I hope this could help.
Best regards.

Hi Alexey,
Thank you for your response and the new code. It is working much better now, thank you. I have still to do more unit testing, however, the first thing that I have noticed so far is that I am losing the Header and Footer in the splitted document. Would you please modify the code so that the Header and Footer info (specially the Header) are kept with the new document? Thanks.
P.S. Could you please respond so that I get it today. Thanks.

Hi
Thanks for your inquiry. Header and footer should be preserved. The following code creates clone of source document and remove only body content. Content of Headers and Footers should be preserved.

'Create new document 
Dim dstDoc As Document = CType(srcDoc.Clone(False), Document)
'This is needed to import formating of source document.
dstDoc.Sections.Add(dstDoc.ImportNode(srcDoc.FirstSection, True, ImportFormatMode.KeepSourceFormatting))
dstDoc.FirstSection.Body.RemoveAllChildren()

Best regards.

Hi,
You are right. I ran it again just your code without my changes and it has the Header Footer in it. What I had done is ti insert the following code before saving the dstDoc file to remove the Bookmarks, since the splitted files should not have any bookmark.
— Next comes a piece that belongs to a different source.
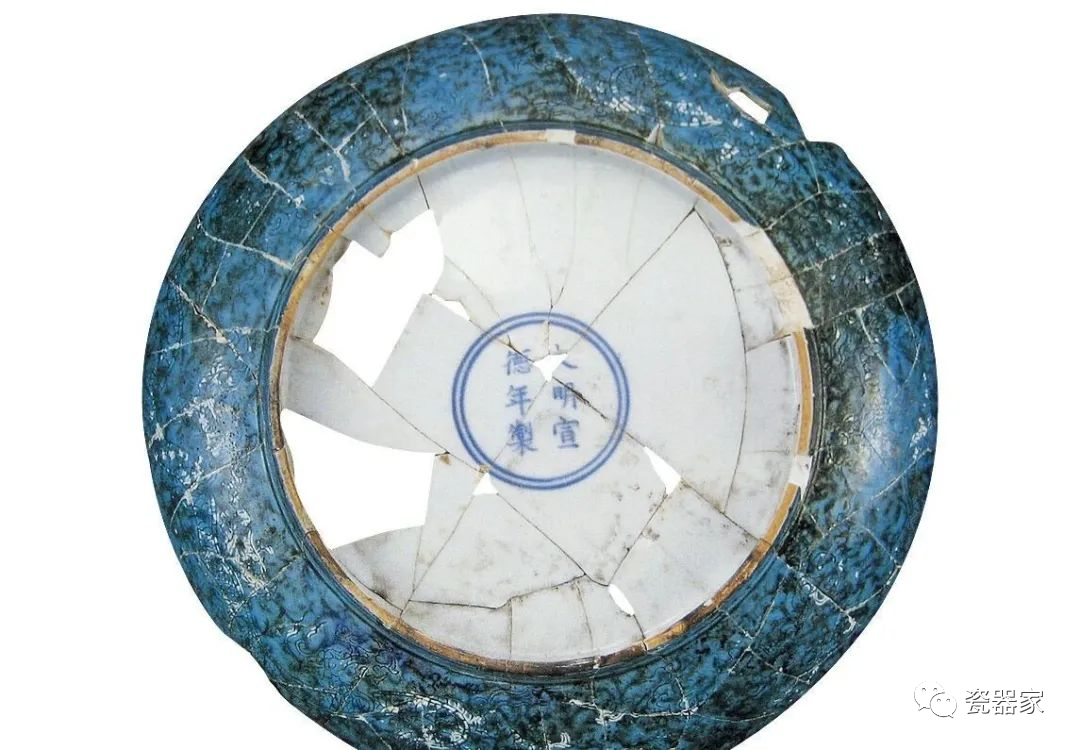 洒蓝釉刻花纹盘,有敞口式和撇口式两种,盘心白釉,有刻品字云和素面两种,外壁均刻赶珠龙纹,盘底书青花“大明宣德年制”六字款。

Do you know why my code removes the Header and Footer as well as the bookmark? Also it seems that the last document loses one horizontal line before the last heavy horizontal line. This happens only in the last splitted document.

'Remove Bookmarks
Try
dstDoc.Range.Bookmarks(0).Remove()
Catch
End Try
'Save output document
dstDoc.Save(outputFile)

Hi
Thanks for your inquiry. I can’t reproduce the problem. Header is not removed from the output document. Regarding last line. Please add the following in the ExtractContent method.

If (endB Is Nothing) Then
endNode = srcDoc.LastSection.Body.LastChild
dstDoc.FirstSection.Body.AppendChild(dstDoc.ImportNode(endNode, True, ImportFormatMode.KeepSourceFormatting))
End If
'Remove Bookmarks
Try
dstDoc.Range.Bookmarks.Clear()
Catch
End Try
'Save output document
dstDoc.Save(outputFile)

Best regards.

Hi Alexey,

Thanks for your response. I have another issue here which is the page break (hard page break) which was between two consecutive documents in the original source (master) document appears at the top of the splitted document. Could you please modify the code to remove this page break as well/ I have attached a new document with page breaks inserted between two cosecutive documents. Thanks

Hi, (please also see my previous post)

The previous post that I sent was regarding a test that I had done with another document other than the test file that I had sent you. I just did a test with that file (uploaded with my last post) and it resulted with aplitted files which have an extra blank page at the end of each splitted file (except the last one) with a page heading. Could you please modify the code so that not only there is no page break before the start of the document but also there is no extra page at the end of the document. Thank you very much for your help.